===== DATA TO USE =====

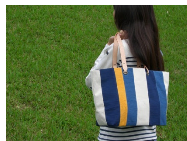
[ 自社ブランド「shimaai」 ]

・自社内での原料供給の状況を見据え、地域内農家との連携や、織物組合など染織業界内への原料の供給、技術提供等を行う。
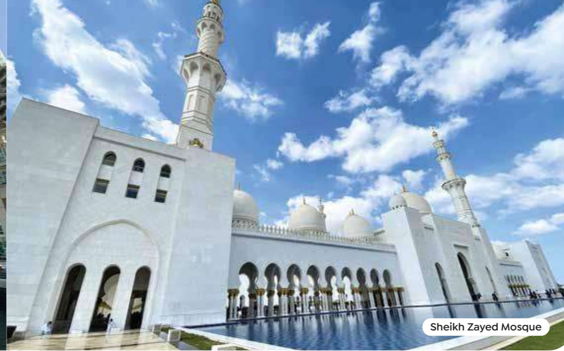
Sheikh Zayed Mosque
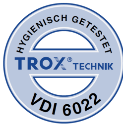
Geprüft nach VDI 6022
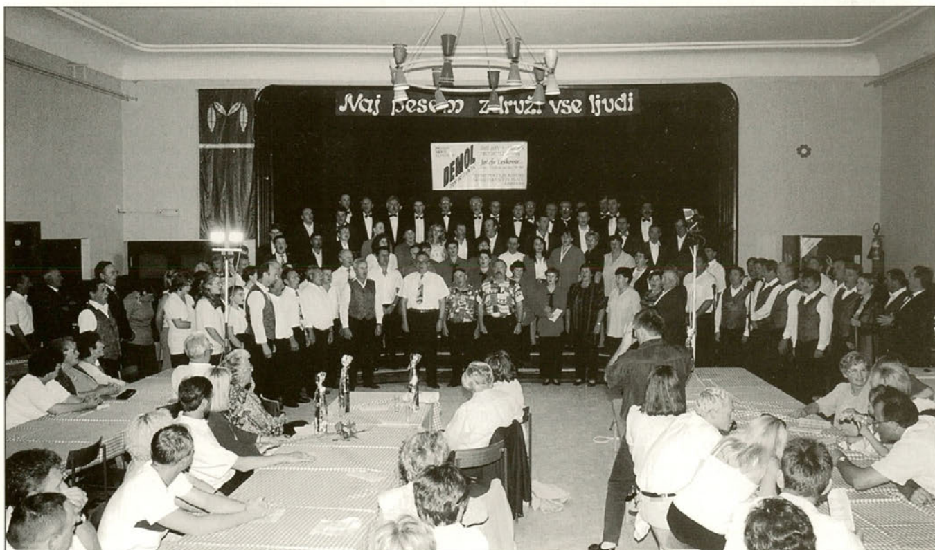
Vsi zbori so na koncu zapeli skupno pesem "Pozimi pa rožice ne cveto"
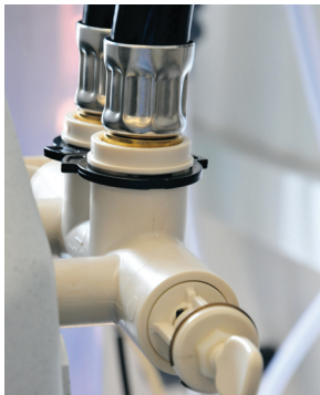
Końcówki klips: do by-passu Clip ends: into by-pass
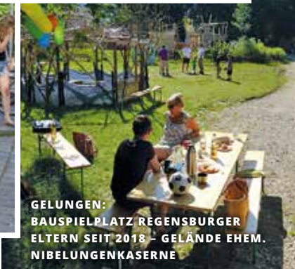
GELUNGEN: BAUSPIELPLATZ REGENSBURGER ELTERN SEIT 2018 - GELÄNDE EHEM. NIBELUNGENKASERNE
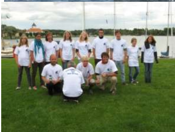
Saarland-Meisterschaft Laser-Standard 2010
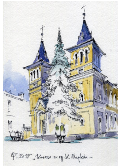
Костел на проспекті Дмитра Яворницького
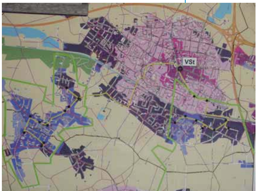
gelbe Linie: zukünftige Glasfasertrasse schwarze Punkte: Outdoor-dslams (Unterverteiler) grüne Umgrenzungsline: Ausbaubereiche

Die Internetgeschwindigkeit hängt davon ab, wie nah jemand am nächsten Knotenpunkt wohnt. Denn die herkömmliche Telefonleitung aus Kupfer, über die der Datenstrom geschickt wird, dämpft das Signal Meter um Meter. Ab einer Entfernung von rund fünf Kilometern kommt auch das stärkste Signal nicht mehr an. Um Kaarst mit schnellem Internet zu versorgen, wird die Telekom 19 nähere Knotenpunkte aufbauen und acht Kilometer Glasfaserkabel neu verlegen
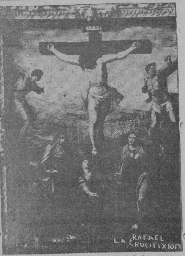
"La Crucifixión", de Rafael
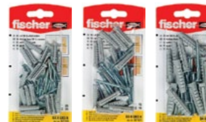
SX 5 x 25 GKS K SX 6 x 30 GKS K SX 8 x 40 GKS K
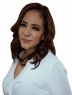
MARÍA DEL CARMEN SALINAS
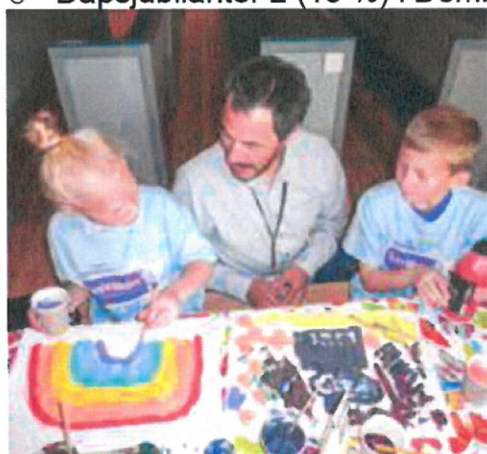
Tema: Å vere ein ven
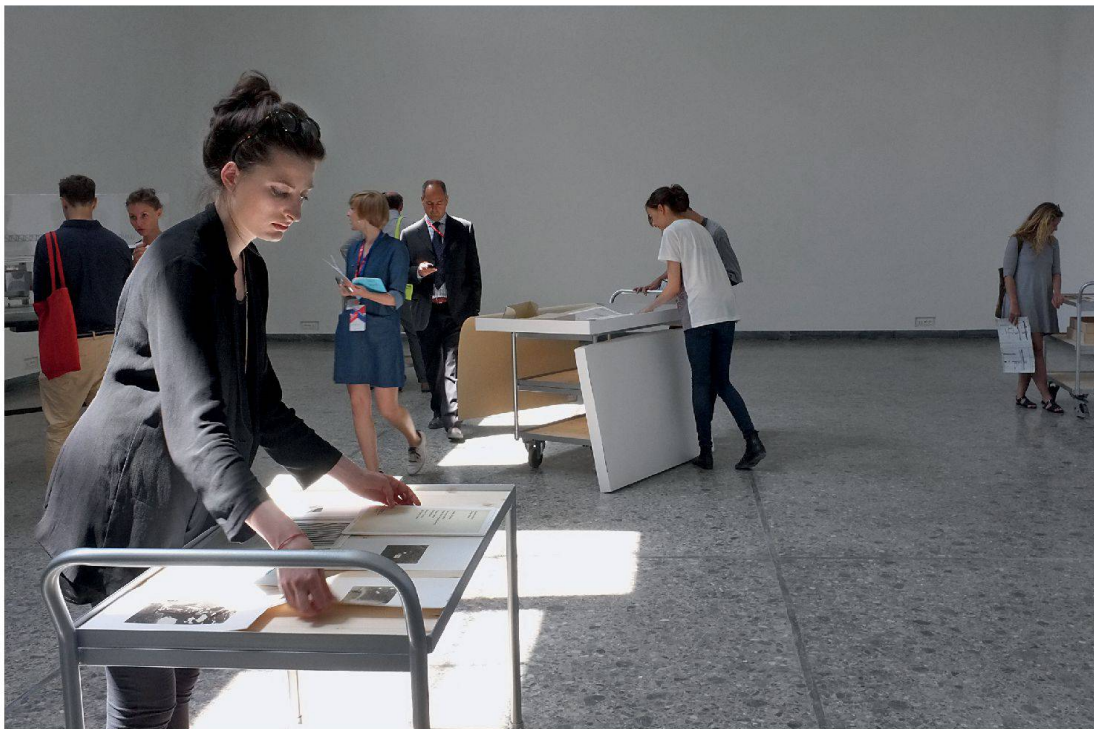
Studierende der ETH Zürich präsentieren Faksimile aus den Archiven von Cedric Price und Lucius Burckhardt . Die Archivmöbel stammen von Herzog & de Meuron.
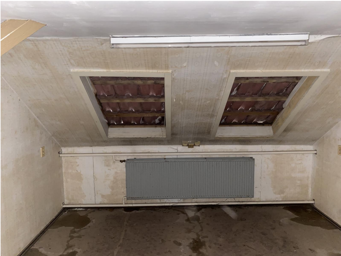
aufgegebene Büroausbauten im Dachboden des Hauptgebäudes
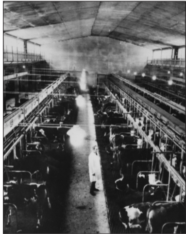
Odchovna pro 800 kusů mladých jalovic v Lesné u Tachova

Naším úkolem nebylo statisticky zdokumentovat ohromný rozvoj československého socialistického státu ve všech

=====

TASK DETAILS >> Everything from the line holding "SX 5 x 25 GKS" to the close of the records should be written out exactly, both ends included, with pictures omitted.

SOLUTION TO THE PROBLEM >>
SX 5 x 25 GKS K SX 6 x 30 GKS K SX 8 x 40 GKS K
MARÍA DEL CARMEN SALINAS
Tema: Å vere ein ven
Studierende der ETH Zürich präsentieren Faksimile aus den Archiven von Cedric Price und Lucius Burckhardt . Die Archivmöbel stammen von Herzog & de Meuron.
aufgegebene Büroausbauten im Dachboden des Hauptgebäudes
Odchovna pro 800 kusů mladých jalovic v Lesné u Tachova

Naším úkolem nebylo statisticky zdokumentovat ohromný rozvoj československého socialistického státu ve všech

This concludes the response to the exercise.